Another object of the present invention is to provide a container for a particle deposition system and a particle deposition system employing the same so that the suspension that is not aerosolized by the injection of compressed air is not discharged.

In order to achieve the above object, according to an embodiment of the present invention, a particle deposition system (PDS) including a discharge pipe for storing a mixture of particles and solution to be deposited on the wafer surface, and discharge the aerosol of the mixture In the container, it can provide a container for PDS further comprising a stirrer for stirring the mixture.

In a preferred embodiment the stirrer comprises an impeller located in the mixture and drive means for rotating the impeller. In addition, the discharge pipe is characterized in that the blocking film is installed to block the discharge of the aerosolized mixture.

According to another embodiment of the present invention, in the container for a Particle Deposition System (PDS) comprising a discharge pipe for storing a mixture of particles and solution to be deposited on the wafer surface, and discharge the aerosol of the mixture, the mixture It can provide a container for PDS further comprising a heater for heating the.

In a preferred embodiment, the heater is attached to the outer wall of the container. In addition, the heater is characterized in that the heat transfer coil. In addition, the discharge pipe is characterized in that the blocking film is installed to block the discharge of the aerosolized mixture.

According to another embodiment of the present invention, there is provided a particle deposition system comprising a vessel, a dryer, a neutralizer, a DMA and a chamber containing a discharge tube for storing a mixture of particles and a solution to be deposited on a wafer surface and for discharging the aerosol of the mixture. Particle Deposition System (PDS), the vessel may provide a Particle Deposition System (PDS) characterized in that it comprises a stirrer for stirring the mixture and a heater for heating the mixture.

In a preferred embodiment, the discharge pipe is characterized in that the blocking film is installed to block the discharge of the aerosolized mixture.

Next, a preferred embodiment of the present invention will be described in detail with reference to the accompanying drawings.

Figure 3 is a schematic cross-sectional view showing the internal configuration of the container for PDS in accordance with a preferred embodiment of the present invention.

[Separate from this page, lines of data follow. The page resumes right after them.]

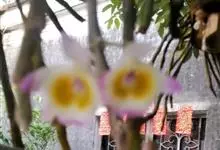 玫瑰石斛是兰科石斛属的多年生附生草本植物。茎斜下或下垂,青绿色,圆柱形,节间鞘具绿或白色相间的条纹;叶窄披针形;花序短,生于已落叶的老茎上部,花序梗长,萼片和花瓣白色,上部带淡紫色,干后蜡质状,…全部>>
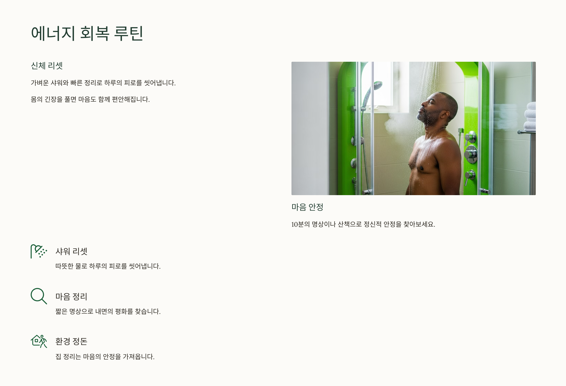 그래서 자기관리 루틴의 핵심 중 하나는 바로 ‘에너지 회복’이에요. 단순히 쉬는 것과는 달라요. 능동적인 회복 활동을 통해 몸과 뇌를 리프레시하는 게 중요하죠.
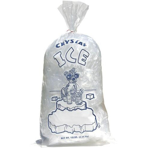 Estas bolsas de hielo transparentes "CRYSTAL ICE" con precio al por mayor 8 libras están preimpresas con la parte superior abierta. Cada estuche viene con bridas de plástico para cerrar las bolsas de hielo Crystal Clear 8LB de forma segura. Las bolsas están preimpresas con una imagen de un perro "cool" sentado sobre hielo y el texto "CRYSTAL ICE". Las bolsas de hielo preimpresas con parte superior abierta 8 lb están en stock y listas para entregarse de inmediato. Están elaborados con resinas vírgenes, aprobadas por la FDA y el USDA para el contacto con alimentos y dan una sensación muy purificada e higiénica. Se ha agregado EVA a estas 8# Bolsas de hielo para aumentar su fuerza y resistencia a las perforaciones, al tiempo que reduce la fragilidad a temperaturas heladas de -20 F.
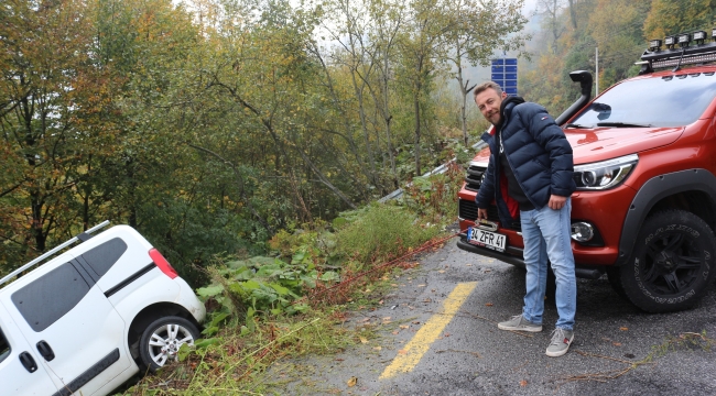 Kocaeli’nin kayak merkezi Kartepe yolunda kontrolden çıkan hafif ticari araç, bariyerleri parçalayarak şarampole devrildi. 1 kişinin yaralandığı kazada yoldan geçen bir sürücü, kaza yapan aracı uçuruma yuvarlanmaması için arazi aracının vincine bağladı.
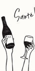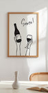 Mãos segurando uma garrafa de vinho e uma taça de vinho com o texto "Cheers!" em pôster francês
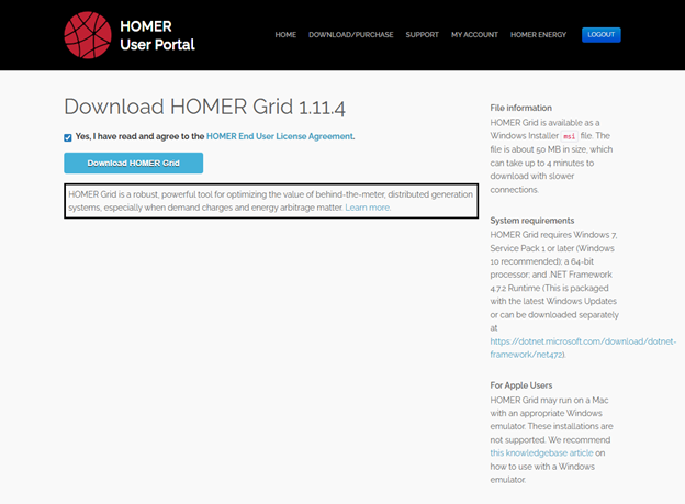 If you sign in using the “Log in” button, go to DOWNLOAD/PURCHASE > HOMER Grid > Download to reach the download page. Read and agree to the “HOMER End User Agreement” and click the “Download HOMER Grid” button to begin downloading the latest version of HOMER Grid.

Referring to FIG. 3, the PDS according to the present invention stores a mixture of particles such as PSL and DI water and sprays them by injection of compressed air, to remove moisture from the generated particles. A dryer (not shown), a neutralizer (not shown) that neutralizes the irregular charging state of the particles passing through the dryer, and a certain polarity is applied to the particles passing through the neutralizer, and has a certain size and a constant charge for the particles having a certain polarity. Differential Mobility Analyzer (DMA, not shown) for classifying particles only, chamber (not shown) and condensation nucleus for depositing particles of the same size and constant charge passing through the movement deviation classifier on bare wafers Counter; CNC, not shown).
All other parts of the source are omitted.